Pace Brings a Newly Authenticated Modigliani to Art Basel Hong Kong, Priced at €11.5 Million
A portrait by Italian artist Amedeo Modigliani (1884–1920) is emerging at Art Basel Hong Kong with a price tag that would place it among the fair’s most consequential offerings — and with a backstory that has shadowed the work for decades.
Pace is presenting Modigliani’s “Jeune femme brune” (1917–18) for €11.5 million (about $13.3 million), according to the gallery’s CEO, Marc Glimcher, who said several parties are bidding. The painting is the highest-priced work on offer at the fair.
The timing is pointed. Just weeks earlier, Pace announced a book launch tied to Institut Restellini’s long-in-development Modigliani catalogue raisonné, a publication decades in the making. Glimcher said the gallery intends to bring a Modigliani work included in the new catalogue to each fair this year in celebration of its release.
A painting pulled from auction — and a dispute that lingered
“Jeune femme brune” has not always been positioned as a blue-chip certainty. Nearly 30 years ago, the painting was withdrawn from a Phillips sale in 1997 amid authentication concerns. In the lead-up to that auction, Marc Restellini — the art historian behind Institut Restellini — told Phillips he did not plan to include the work in his then-in-progress Modigliani catalogue raisonné, prompting the withdrawal.

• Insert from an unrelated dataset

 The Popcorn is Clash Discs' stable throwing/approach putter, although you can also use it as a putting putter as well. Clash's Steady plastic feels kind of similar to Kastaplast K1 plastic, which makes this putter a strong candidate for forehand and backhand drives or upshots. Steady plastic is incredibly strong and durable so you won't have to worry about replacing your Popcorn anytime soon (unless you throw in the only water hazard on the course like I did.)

The episode fed into a broader legal saga. The painting’s then-owner, Moshe Shaltiel-Gracian, sued the Wildenstein Institute, a Paris-based research center that had provided Restellini with an office and a research assistant under a collaboration agreement. The institute was run by the Wildenstein family, longtime art dealers who, for nearly 20 years, were partners in Pace Wildenstein.
That lawsuit was dismissed in 2001, but the underlying tensions resurfaced in 2020, when Restellini sued the Wildensteins over rights to his Modigliani research. A key element of Restellini’s argument drew on the Wildenstein Institute’s defense in the earlier Shaltiel case: that Restellini was not an employee of the organization and therefore the institute was not liable. The parties reached an undisclosed settlement last year.

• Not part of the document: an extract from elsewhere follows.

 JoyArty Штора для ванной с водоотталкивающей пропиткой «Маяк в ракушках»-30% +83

From “extremely ugly” photos to hands-on examination
Restellini has since offered a more specific account of what happened in 1997. He said he never told Phillips the painting was a fake. Instead, he described the catalogue photographs as “extremely ugly” and said he could not determine authenticity without examining the work in person. According to Restellini, Phillips said that wasn’t possible given how close the sale date was.
After the Shaltiel case was dismissed in 2001, Restellini said he tried to persuade the owner to grant access for a direct examination. Several years ago, he said, that access was finally provided. Restellini then applied what he described as scientific methods, concluding that the pigments match those used in two other authenticated Modigliani works.
Archival research added another layer: Restellini said documentation was found confirming that the painting was exhibited in 1929 at Leicester Galleries in London, a storied venue known for introducing major modern artists to UK audiences, including Henri Matisse, Pablo Picasso, and Camille Pissarro.
The painting has now been included in Restellini’s forthcoming catalogue raisonné. Restellini has said it is “impossible” for the work to be a forgery, arguing that the combination of scientific examination and documentary evidence resolves doubts that once hinged on inadequate reproduction.
In an email, he framed the shift as a methodological point as much as a market one: “This actually proves perfectly well that our judgements are based on reliable scientific and documentary evidence, and not on an impression formed by a poor-quality catalogue photo,” he wrote.
For collectors watching Art Basel Hong Kong, the offering is more than a headline price. It is a case study in how authentication, documentation, and institutional power can shape a work’s fate — and how a painting once deemed too uncertain for the auction block can return, decades later, as a centerpiece of the fair’s top tier.